**WHAT IS BEING ASKED**. Restate exactly the lines that run from the start of the records below to the line containing "Km 0, super", counting both ends, and nothing else; pictures stay out.

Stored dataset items
****************************************

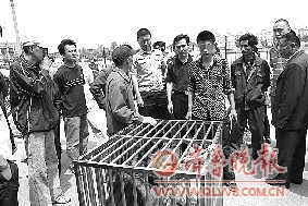 这个违法犬类交易市场位于王舍人坝王路上,农历逢二逢七都会有一些人在此买卖犬只。市场紧挨着一个小区,而且是小区出入通道。由于市场上经常会有一些大型犬、烈性犬,所以居民对这个狗市非常讨厌。“我们也多次对卖狗人进行警告,下发取缔通知书,可是并不见效。”王舍人庄派出所副所长李玉磊说道。
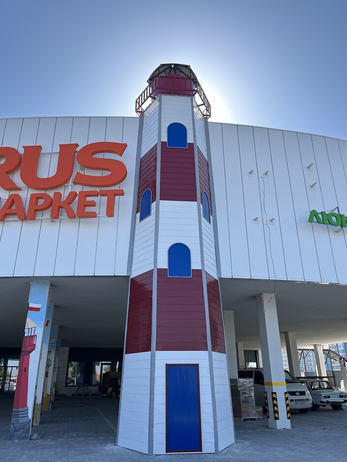 Безпосередньо в будівлю торгового центру вмонтований справжній 12-метровий маяк, який світиться уночі, освітлюючи своїм сяянням у темні часи.
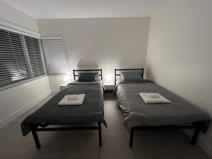 Ახალი მყუდრო ოთახი ორი ორადგილიანი საწოლით
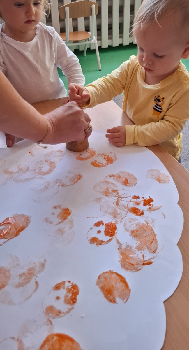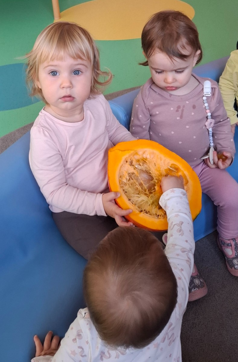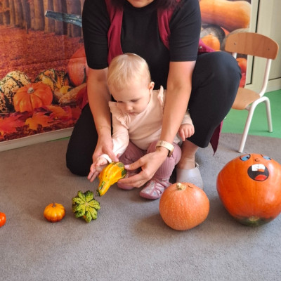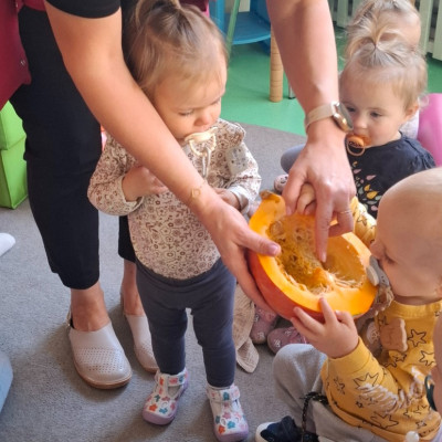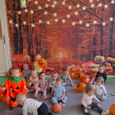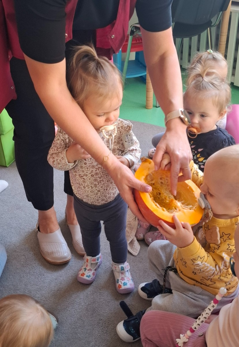 Gdy nadchodzi koniec jesiennych zbiorów czas ogłosić „Dzień Dyni”. Na grupie misie święto to obchodziliśmy 29 października.  Tego dnia podczas zajęć dzieci poznały wielką różnorodność dyń , dowiedziały się, że dynia jest bardzo zdrowym warzywem, że można z niej przygotować wiele dań.W ramach zajęć sensorycznych dzieci mogły dotknąć, powąchać a także wspólnie badać wnętrze dyni, jej miąższ oraz pestki. Nasze maluszki wykonały także wspólną pracę plastyczną polegającą na odbijaniu pieczątek z ziemniaka na szablonie dyni, uczyły się układać dynie od największej do najmniejszej  a na zakończenie zajęć podrzucały do góry pomarańczowe balony oraz bawiły się przy piosenkach o tematyce związanej z dyniami oraz jesienią.
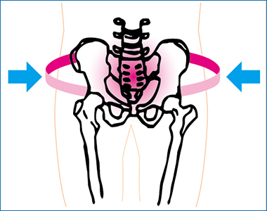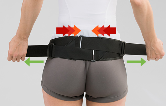 Anti-slip material is placed so as to pinch the sacroiliac joint, increasing the tightening force and preventing slipping.
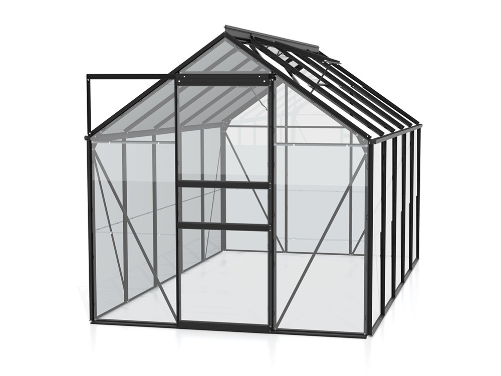 Deze kwalitatieve tuinkas is gemaakt van poedergecoat zwart aluminium en is standaard voorzien van veiligheidsglas, wat zorgt voor een luxueuze en moderne look! Dankzij de schuifdeur, die naar wens links of rechts te plaatsen is, geniet je van optimaal gebruiksgemak en flexibiliteit. Afhankelijk van het formaat heeft de serre één of twee dakramen voor een goede ventilatie en wordt de structuur extra verstevigd met daksteunen.
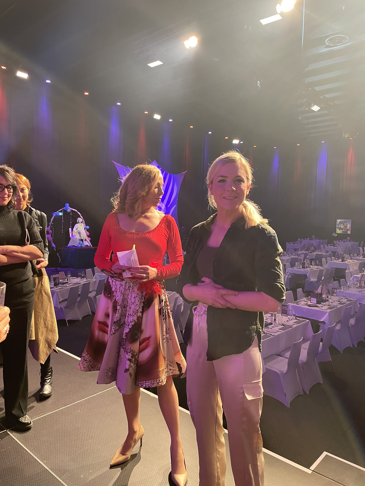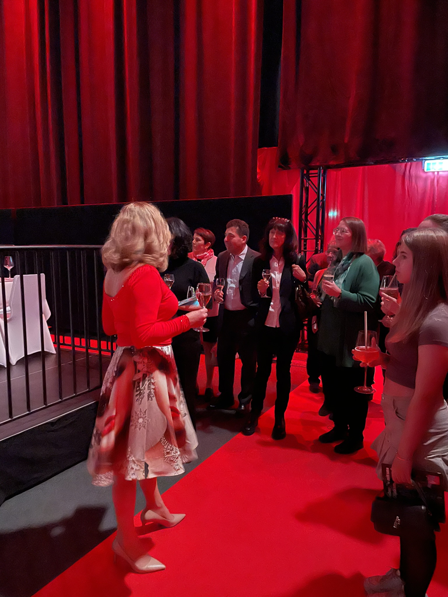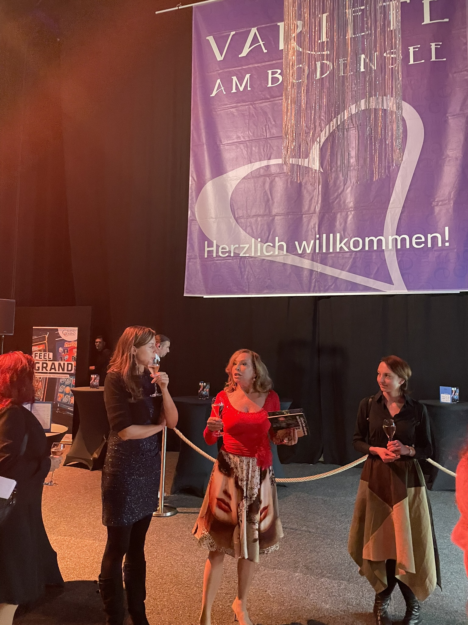 Während der Backstage-Tour hat uns Catrin Wendel mit Zahlen und Fakten sowie spannende Geschichten aus 19 Jahren Varieté versorgt. Die österreichische Sängerin, Tänzerin und Schauspielerin Gloria Veit plauderte aus ihrer Bühnenerfahrung und wurde von Catrin und Heinz Wendel unter anderem auch als Choreographin für die gesamte Programm engagiert. Catering-Chef Lukas Buttazoni bot einen exklusiven Blick in die Küche und Arbeitsräume des Cateringteams.
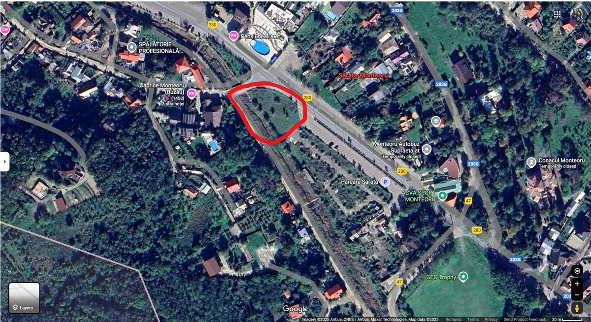 Km 0, super central, 3 parcele de 542 mp cu toate utilitatile. Pretabil pentru casa de vacanta sau pensiune
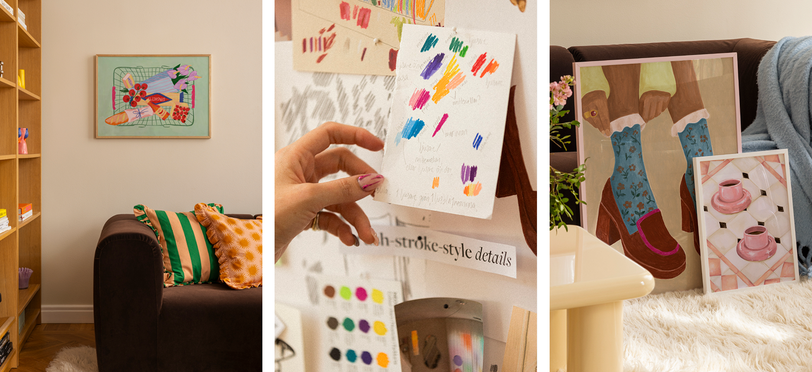 It was super collaborative. I came in with a vision: bold colour, playful shapes, and art that didn’t take itself too seriously, but still felt meaningful. The Desenio team helped bring it to life in a way that felt true to me.
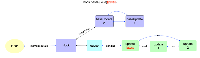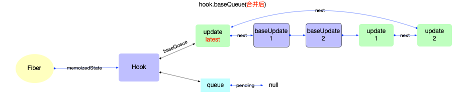 • 在fiber树构建阶段(或reconciler阶段), 会将hook.queue.pending合并到hook.baseQueue队列上(源码地址).
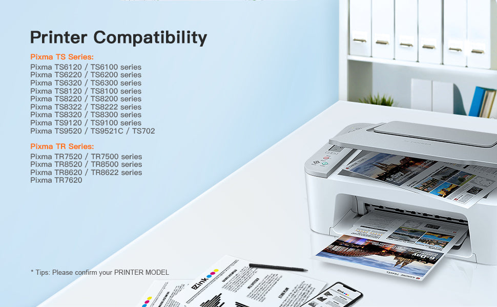 - Printer Compatibility: Canon TR7520, TR7500, TR7620, Pixma TR8520, TR8500, TR8620, TR8622 Pixma TS6100, TS6120, TS6200, TS6220, TS6300, TS6320,TS9520, TS9521C, TS702, Pixma TS8120, TS8100, TS8220, TS8200, Pixma TS8322, TS8222,TS8320, TS8300, TS9120, TS9100 Inkjet Printer
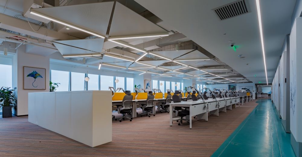 The project carefully selects high-efficiency lighting fixtures to maximize their potential and significantly improve lighting efficiency. At the same time, it is equipped with an advanced intelligent lighting control system. Rhythmic lighting is applied in the office, which can adjust the light according to working hours and task requirements. This helps to enhance employees' work efficiency and alertness, reduce fatigue and stress, and improve the working environment. It not only meets the lighting needs of various spaces but also achieves rational allocation of energy, greatly reducing energy consumption and practicing the concept of green office.
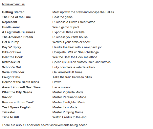 Come anticipato ieri dalla scoperta della lista di achievement, Xbox 360 riceverà a breve una versione esteticamente migliorata di Grand Theft Auto: San Andreas. Le uniche informazioni diffuse in questo momento sono la risoluzione a 720p e il supporto degli achievement, comprendenti nuovi obiettivi (li trovate qui sotto). Rockstar ha inoltre annunciato che questa versione “Games on Demand” non supporterà i salvataggi di quella uscita nella collana “Xbox Originals”. Nel momento in cui scriviamo queste righe, non sono stati forniti ancora dettagli circa un’eventuale versione per PS3. Nel caso fossero diffusi successivamente, non mancheremo di avvisarvi. Grand Theft Auto: San Andreas uscirà il 26 ottobre, giusto in tempo per festeggiare il decimo anniversario del gioco.
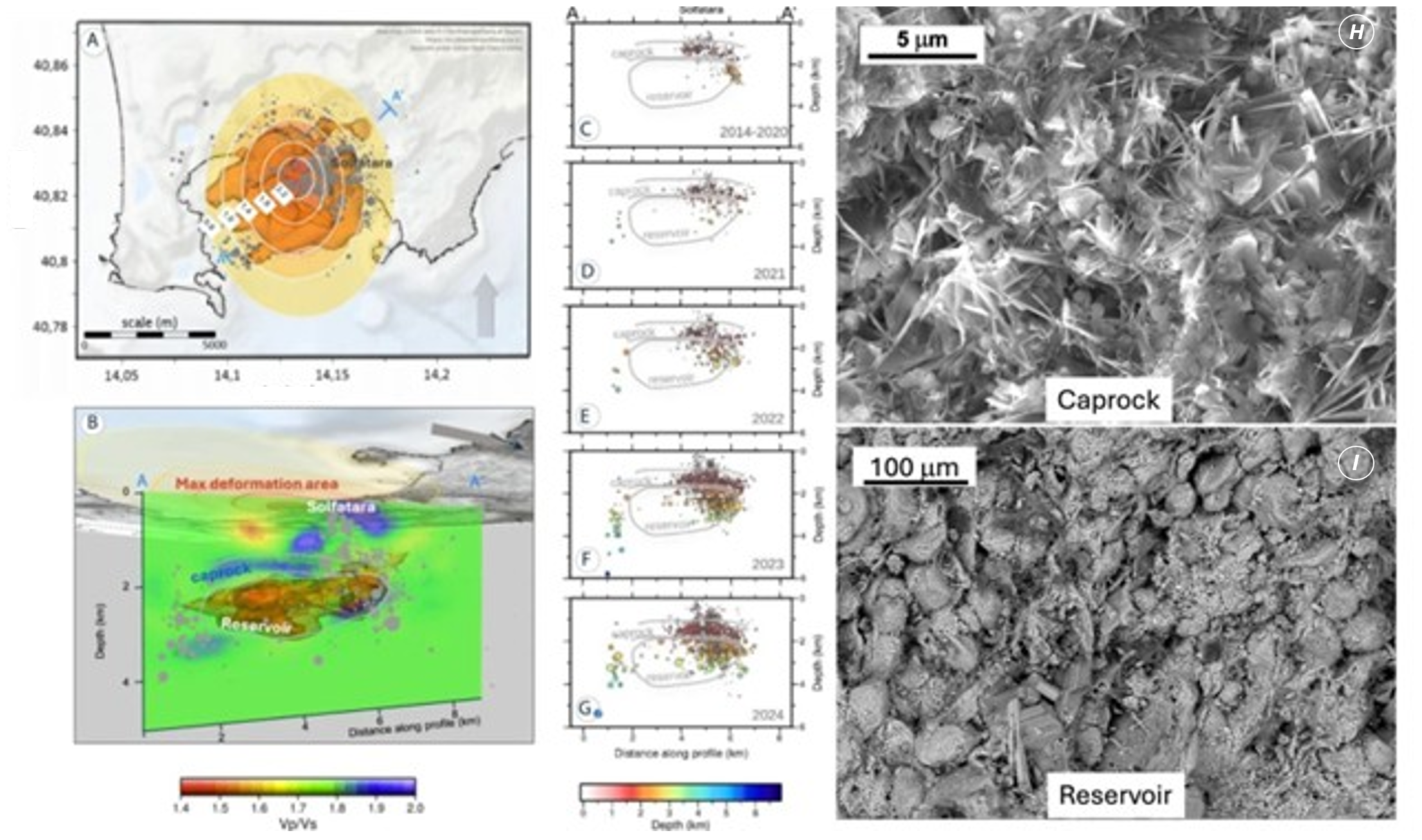 Just beneath the surface lies a tough, fibrous caprock layer stretching from about 1 to 2 kilometers deep. Spatial and temporal correlations in the evolution of seismicity reveal that this structural element of the caldera is the first to fail (Figure 1, Panels A-G), producing small-magnitude, shallow earthquakes. This arch-shaped horizon, formed from naturally cemented volcanic products, functions as a pressure lid, trapping H2O and CO2 below. Previous and parallel laboratory experiments on site-relevant core samples reveal that this caprock is reinforced by microscopic mineral fibers (Fig. 1, panel I), similar to those used in advanced engineering materials, which enhance its toughness and flexibility. Notably, beneath the Solfatara crater at shallower depth, rocks become saturated with water-steam and CO2, reflecting the upward movement of hot fluids – a key component in the caldera’s long-term behavior.
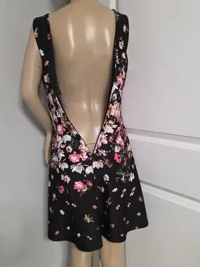 Jessica Simpson black floral cocktail dress.
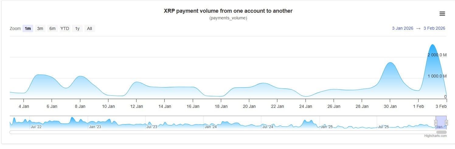 On the other hand, on-chain activity on the XRP Ledger might indicate that the worst selling pressure phase is already over, even though the price structure still seems brittle. The significant increase in payments volume seen on the XRP Ledger at the end of January, which was followed by a sharp decline in transaction flows soon after, is the primary cause of this interpretation.
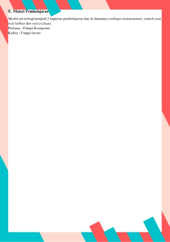 E. Materi Pembelajaran Modul ini terbagi menjadi 2 kegiatan pembelajaran dan di dalamnya terdapat uraian materi, contoh soal, soal latihan dan soal evaluasi. Pertama : Fungsi Komposisi Kedua : Fungsi Invers
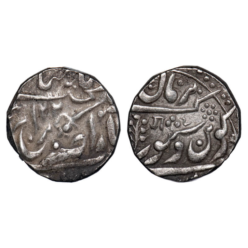 | Jodhpur, Silver Rupee, 11.37g, Takht Singh (1843-1873 AD), Jodhpur Mint, 22 RY INO Queen Victoria, with the additional Daroga mark 'ga' reading near jhar on obverse, sword on reverse. J.Lingen P 07.2.06. Very Fine, Rare. |
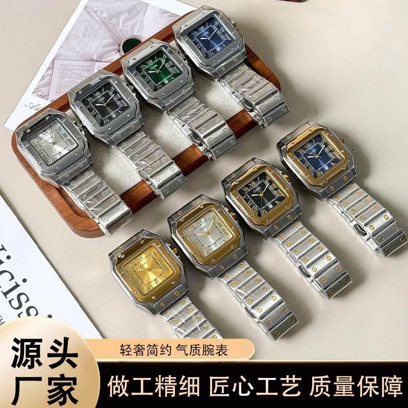 2024男士不锈钢3针方形NIRICHA手表石英秒跑日历手表厂家批发一件
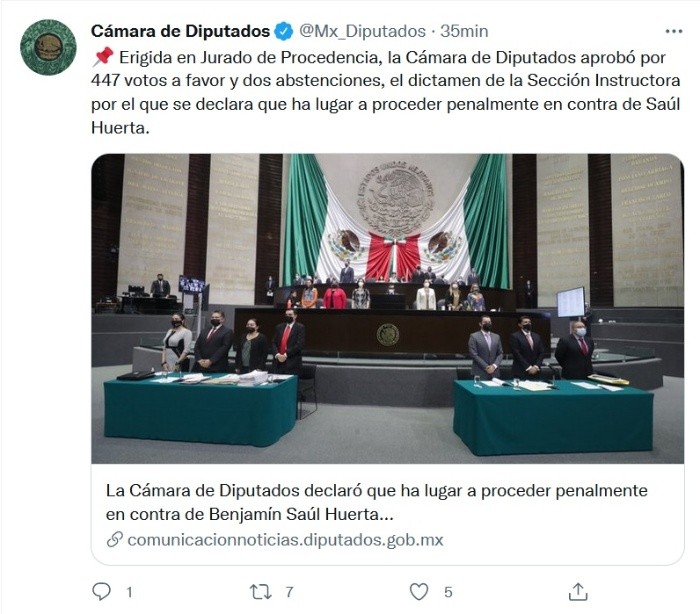 El pleno de la Cámara de Diputados, erigido en jurado de procedencia, quitó el fuero al diputado de Morena, Benjamín Saúl Huerta Corona, para que la Fiscalía General de Justicia de la Ciudad de México (FGJCDMX) pueda proceder en su contra por la presunta comisión del delito de abuso sexual.En un acto en el que no estuvo presente el acusado, se avaló el dictamen de la Sección Instructora por 447 votos a favor, así como dos abstenciones por parte de los morenistas Agustín García Rubio y Paola Tenorio Adame.Al inicio del juicio, Laura Angelina Borbolla Moreno, coordinadora general de Investigación de delitos de género y Atención a Víctimas de la Fiscalía General de Justicia de la Ciudad de México (FGJCDMX), aseguró que existen pruebas legales, contundentes, sólidas y científicas, para quitar el fuero a Saúl Huerta.Entre ellas, destacó, cuentan con estudios de genética forense "con resultados positivos en amilasa salival y obtención de perfiles genéticos en prenda íntima de la víctima", además de pruebas en materia química "identificando la presencia de etanol en la muestra biológica recabada a la víctima".La funcionaria capitalina recordó que Huerta Corona enfrenta dos denuncias por abuso sexual, el primero sobre un caso ocurrido el 30 de julio de 2019 en contra de un adulto mayor de 18 años, y el segundo el 21 de abril de 2021 contra un menor.En ambos episodios, señaló, el inculpado "aprovechó la relación de confianza que generó con las víctimas, refiriendo a los padres de los ofendidos que cuidaría de ellos, y la del encargo como diputado federal ya que les ofreció que lo acompañaran a la ciudad de México con el pretexto de que conocieran este recinto".Borbolla Moreno agregó que también cuentan con pruebas en materia de psicología que permiten establecer que las víctimas presentan sintomatología asociada en violencia sexual relacionada a los hechos que se investigan, incomodidad, sospecha, temor a represalias, culpa, impotencia, enojo, recuerdos recurrentes, evitación, decepción, desconfianza, y asco, entre otras.También se cuenta con entrevistas a las víctimas y a los policías que intervinieron en el momento de los hechos, la identificación del vehículo relacionado con los hechos, y otros dictámenes periciales.La defensa de Saúl Huerta, a cargo de Pavel Arenas Landgrave, aseguró que la acción presentada por la FJGCDMX carece de legitimidad, en virtud de que se violentó el debido proceso en contra del diputado Huerta Corona."Todo lo que ahí se derive, por aberrantes que pudieran ser los elementos del tipo que se están imputando, tienen que tener un principio constitucional del debido proceso, se debe garantizar que todo este proceso inicial se realizó conforme a la ley", expresó.Otro de sus abogados, Juan José Salazar Hernández, insistió: "El debate no es si incurrió o no en el delito que se le imputa, no es si hizo o deshizo. Hay elementos de la carpeta que se han filtrado a los medios lo que ha ensuciado el proceso porque han generado un linchamiento mediático en contra de nuestro defenso, eso es violación al principio de la presunción de inocencia".Al defender el dictamen, el diputado de Morena Pablo Gómez Álvarez, presidente de la Sección Instructora, aseguró que el proyecto se apegó al principio de legalidad, sin interés político y sobre la base presentada por el Ministerio Público y la defensa del imputado, por lo que solicitó que "la respuesta moralmente correcta es decir sí a la solicitud".Por su parte, la coordinadora del Partido de la Revolución Democrática (PRD), Verónica Juárez, recordó que México ocupa el primer lugar en abuso en contra de niñas, niños y adolescentes, con 5.4 millones de casos por año de acuerdo con la Organización para la Cooperación y Desarrollo Económico. Señaló que hasta el momento "el actual gobierno no ha sido capaz de garantizar los derechos fundamentales de las y los ciudadanos, principalmente de las niñas y niños", por lo que adelantó que su bancada votaría a favor de desaforar a Huerta Corona.Además de Morena y el PRD, también avalaron el dictamen las bancadas del PRI, PAN, PT, PES, y MC. Tras el desafuero de Huerta, la Fiscalía General de Justicia de la Ciudad de México debe solicitar la captura ante un juez de control, quien judicializará el caso y determinará si procede la orden de captura o no.Rafael Chong Flores, Fiscal Especializado en Combate a la Corrupción de la Ciudad de México, reveló que Mauricio Toledo, diputado federal del Partido del Trabajo (PT) acusado de enriquecimiento ilícito, abandonó el país desde el pasado 26 de julio."Tenemos una información de última hora por parte de las autoridades migratorias, de que el diputado Mauricio Toledo abandonó desde hace algunos días, el 26 de julio pasado, el territorio nacional con destino a la República de Chile", señaló al rendir su declaración ante la Cámara de Diputados, cuyo pleno está discutiendo el desafuero del legislador petista.Chong Flores aseveró que la salida de México del legislador capitalino, "deja una sombra de duda de su disposición de llegar a la verdad"."Por ello le hacemos un llamado a que regrese de inmediato al país y se presente ante la autoridad judicial, un servidor público honesto no huye ni se esconde", solicitó.Si te interesó esta noticia y quieres saber más, entonces descarga y descubre INFORMAPlus, la aplicación digital de EL INFORMADOR, en donde tenemos contenidos exclusivos, seleccionados por nuestros editores, para darles una experiencia más completa a los lectores. Si eres suscriptor de EL INFORMADOR tu acceso está incluido, solicítalo al 33 3678-7777Descarga la aplicación y pruébala GRATIS por treinta días.Para iOS: https://apple.co/35jaVgbPara Android: https://bit.ly/3gwVSEVJM

****************************************

**ANSWER TO THIS PROBLEM**.
 这个违法犬类交易市场位于王舍人坝王路上,农历逢二逢七都会有一些人在此买卖犬只。市场紧挨着一个小区,而且是小区出入通道。由于市场上经常会有一些大型犬、烈性犬,所以居民对这个狗市非常讨厌。“我们也多次对卖狗人进行警告,下发取缔通知书,可是并不见效。”王舍人庄派出所副所长李玉磊说道。
 Безпосередньо в будівлю торгового центру вмонтований справжній 12-метровий маяк, який світиться уночі, освітлюючи своїм сяянням у темні часи.
 Ახალი მყუდრო ოთახი ორი ორადგილიანი საწოლით
 Gdy nadchodzi koniec jesiennych zbiorów czas ogłosić „Dzień Dyni”. Na grupie misie święto to obchodziliśmy 29 października.  Tego dnia podczas zajęć dzieci poznały wielką różnorodność dyń , dowiedziały się, że dynia jest bardzo zdrowym warzywem, że można z niej przygotować wiele dań.W ramach zajęć sensorycznych dzieci mogły dotknąć, powąchać a także wspólnie badać wnętrze dyni, jej miąższ oraz pestki. Nasze maluszki wykonały także wspólną pracę plastyczną polegającą na odbijaniu pieczątek z ziemniaka na szablonie dyni, uczyły się układać dynie od największej do najmniejszej  a na zakończenie zajęć podrzucały do góry pomarańczowe balony oraz bawiły się przy piosenkach o tematyce związanej z dyniami oraz jesienią.
 Anti-slip material is placed so as to pinch the sacroiliac joint, increasing the tightening force and preventing slipping.
 Deze kwalitatieve tuinkas is gemaakt van poedergecoat zwart aluminium en is standaard voorzien van veiligheidsglas, wat zorgt voor een luxueuze en moderne look! Dankzij de schuifdeur, die naar wens links of rechts te plaatsen is, geniet je van optimaal gebruiksgemak en flexibiliteit. Afhankelijk van het formaat heeft de serre één of twee dakramen voor een goede ventilatie en wordt de structuur extra verstevigd met daksteunen.
 Während der Backstage-Tour hat uns Catrin Wendel mit Zahlen und Fakten sowie spannende Geschichten aus 19 Jahren Varieté versorgt. Die österreichische Sängerin, Tänzerin und Schauspielerin Gloria Veit plauderte aus ihrer Bühnenerfahrung und wurde von Catrin und Heinz Wendel unter anderem auch als Choreographin für die gesamte Programm engagiert. Catering-Chef Lukas Buttazoni bot einen exklusiven Blick in die Küche und Arbeitsräume des Cateringteams.
 Km 0, super central, 3 parcele de 542 mp cu toate utilitatile. Pretabil pentru casa de vacanta sau pensiune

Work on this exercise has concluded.